## [EXERCISE DESCRIPTION]
Please output the section of the listing below that opens with the line containing "Nedenfor ses en" and closes with the line containing "Yurdun dört bir", exactly and with nothing else.

## [GIVEN DATA]
#####

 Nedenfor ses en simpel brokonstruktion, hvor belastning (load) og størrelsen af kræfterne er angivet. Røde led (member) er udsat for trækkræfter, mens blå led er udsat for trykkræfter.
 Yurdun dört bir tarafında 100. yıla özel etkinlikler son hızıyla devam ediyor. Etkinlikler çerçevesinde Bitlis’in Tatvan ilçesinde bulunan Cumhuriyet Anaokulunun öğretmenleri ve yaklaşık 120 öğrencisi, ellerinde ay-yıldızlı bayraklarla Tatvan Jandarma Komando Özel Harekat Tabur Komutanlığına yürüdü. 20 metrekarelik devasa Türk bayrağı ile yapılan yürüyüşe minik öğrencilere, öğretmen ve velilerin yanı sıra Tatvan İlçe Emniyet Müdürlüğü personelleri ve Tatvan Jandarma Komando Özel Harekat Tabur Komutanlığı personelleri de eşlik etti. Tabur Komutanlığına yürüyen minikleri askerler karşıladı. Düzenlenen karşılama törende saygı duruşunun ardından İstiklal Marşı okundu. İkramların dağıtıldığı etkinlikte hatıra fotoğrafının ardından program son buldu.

#####

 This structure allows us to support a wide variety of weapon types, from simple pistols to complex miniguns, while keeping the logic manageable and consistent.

#####

## [REPLY TO THE EXERCISE]
 Nedenfor ses en simpel brokonstruktion, hvor belastning (load) og størrelsen af kræfterne er angivet. Røde led (member) er udsat for trækkræfter, mens blå led er udsat for trykkræfter.
 Yurdun dört bir tarafında 100. yıla özel etkinlikler son hızıyla devam ediyor. Etkinlikler çerçevesinde Bitlis’in Tatvan ilçesinde bulunan Cumhuriyet Anaokulunun öğretmenleri ve yaklaşık 120 öğrencisi, ellerinde ay-yıldızlı bayraklarla Tatvan Jandarma Komando Özel Harekat Tabur Komutanlığına yürüdü. 20 metrekarelik devasa Türk bayrağı ile yapılan yürüyüşe minik öğrencilere, öğretmen ve velilerin yanı sıra Tatvan İlçe Emniyet Müdürlüğü personelleri ve Tatvan Jandarma Komando Özel Harekat Tabur Komutanlığı personelleri de eşlik etti. Tabur Komutanlığına yürüyen minikleri askerler karşıladı. Düzenlenen karşılama törende saygı duruşunun ardından İstiklal Marşı okundu. İkramların dağıtıldığı etkinlikte hatıra fotoğrafının ardından program son buldu.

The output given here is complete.